Oh, and the S-records have their own funkiness from being munged to match the way the old Data I/O programmer wanted to see the addresses.

Code Select Expand


//
// The i860 text segment must be byte and word swapped before packing into the ROM.
// The text must be on a 64 bit boundry, and must be a multiple of 64 bits in length.
//
// The byte sequence to be written for each pair of words is as shown:
// 3 2 1 0 7 6 5 4
// |- - - -|- - - -|
static void
MungeText( unsigned char *src, unsigned char *dst, unsigned data_len)
{
struct munge{
unsigned char byte[4];
} munge;
struct munge *msrc;
struct munge *mdst;
int i;

msrc = (struct munge *)src;
mdst = (struct munge *)dst;
while ( data_len )
{
for ( i = 0; i < 4; ++i )
munge.byte[ 3 - i ] = msrc->byte[ i ];
*mdst = munge;
++msrc;
++mdst;
data_len -= 4;
}
}

/*
* Munge the ROM image into a format suitable for dumping an S-record
* for the ROM physical address sequence used by the Data I/O programmer.
*
* The address munging consists of extracting bits 0 and 1 from the ROM
* address, shifting the address right by two, shifting the extracted 2 bits
* up to bits 15 and 16, and ORing the two shifted fields together.
*/
static void
MungeV1MC( unsigned char *src, unsigned char *dst, int length )
{
unsigned int dstoff;
unsigned int srcoff;

for( srcoff = 0; srcoff < length; ++srcoff )
{
dstoff = srcoff >> 2;
dstoff |= (srcoff & 3) << 15;

dst[dstoff] = src[srcoff];
}
}


I should probably mention that getting this board running had certain side effects, including synesthesia and related experiences.   I'm better now.

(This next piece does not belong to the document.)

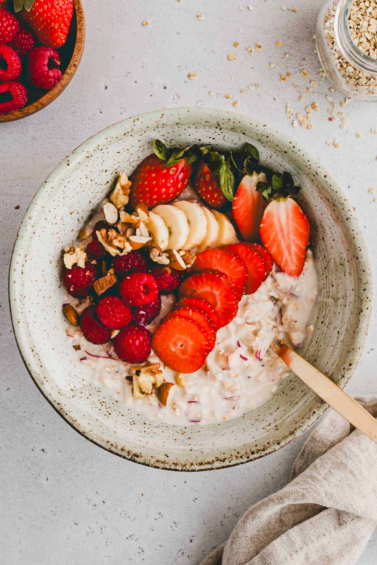 Das Originalrezept verlangt eigentlich, dass die Haferflocken für einige Stunden eingeweicht werden (ähnlich wie Overnight Oats). Dies macht sie sehr weich und besser verdaulich. Schmecken tut es frisch (ohne Einweichen) aber auch sehr lecker!

I was thinking of two possible ways to emulate the NeXTdimension. The first is emulating it at a higher level, as you described. I agree that this might get too complex if one is not an expert for that kind of stuff.
The other way is to emulate it a the low level. This would involve emulating the i860 microprocessor and other components of the board. This will only be possibly if there is somewhere a complete and working i860XR emulator available.

Oof.  Intel did have an N10 emulator early on, running on their '286 based N10 development systems.  They updated this with an actual N10 PC-AT form card, as the emulator didn't emulate the various chip behaviors that needed to be actually coded for.  Any emulator would have to support running in big-endian mode for data (instruction space was always little-endian), and would have to support fiddly details like dual-instruction mode, and the the crazy pipeline dump and restore sequences that had to be done around interrupts (several hundred bytes of state, and something like 400 instructions in code).

It would be a great challenge project, but probably wouldn't be the best possible emulation experience for users.

You would get better performance for color output by just concentrating on the NeXTStation Color implementation, where the framebuffer is just a physical memory address range that's even cacheable.  The usual emulation trick is to play 'spot the blitter' and drop into a native code piece rather than emulate the blit or compositing loop.[/code]

[andreas_g]

NDromload -S

This should dump the ROM image in EXORMAX S-record format.  That's what went into a factory EEPROM programmer.  Note that I haven't tested this functionality since about 1990...

I don't think that will be useful. I really need the bits and bytes as they are stored in the EEPROM. I now think the EEPROM starts at 0xFFFE0000 with a size of 0x00020000 (128 kB). Reading this address range to a file without any conversion should do the job. But I don't know how this can be done. Through NeXTbus we should see it starting at 0x?FFE0000 (? = slot ID, for example 2 --> 0x2FFE0000).

You would get better performance for color output by just concentrating on the NeXTStation Color implementation, where the framebuffer is just a physical memory address range that's even cacheable.  The usual emulation trick is to play 'spot the blitter' and drop into a native code piece rather than emulate the blit or compositing loop.

Previous already includes support for the NeXTstation Color with its 4096 color output.

Using the low level emulation approach we should not need to care about all these strange features and data formats. If there is somewhere a complete i860 emulator, it will do all these things for us. We only need to provide it the memory map including a valid ROM and the devices, of which are not too many on the NeXTdimension board. The i860 will then do its work on the data it is provided with and write the result to the video memory. All we need to do then is blitting the pixel data from the video memory to the host screen.

I might be wrong, but this is the way the NeXT emulator Previous works, just with the m68k and with lots of devices.

I am trying to contact Jason Eckhardt, who seems to have written an almost complete i860 emulator. A stripped down version of it is in MAME: http://git.redump.net/mame/plain/src/emu/cpu/i860/i860dec.inc

[cubist]

I am trying to contact Jason Eckhardt, who seems to have written an almost complete i860 emulator. A stripped down version of it is in MAME: http://git.redump.net/mame/plain/src/emu/cpu/i860/i860dec.inc

Stardent.  There's another name from the past...

[pentium]

Rip the sticker off and see what kind of chip it is. If it's something common enough you can make a PLCC adapter and dump it a generic EEPROM machine.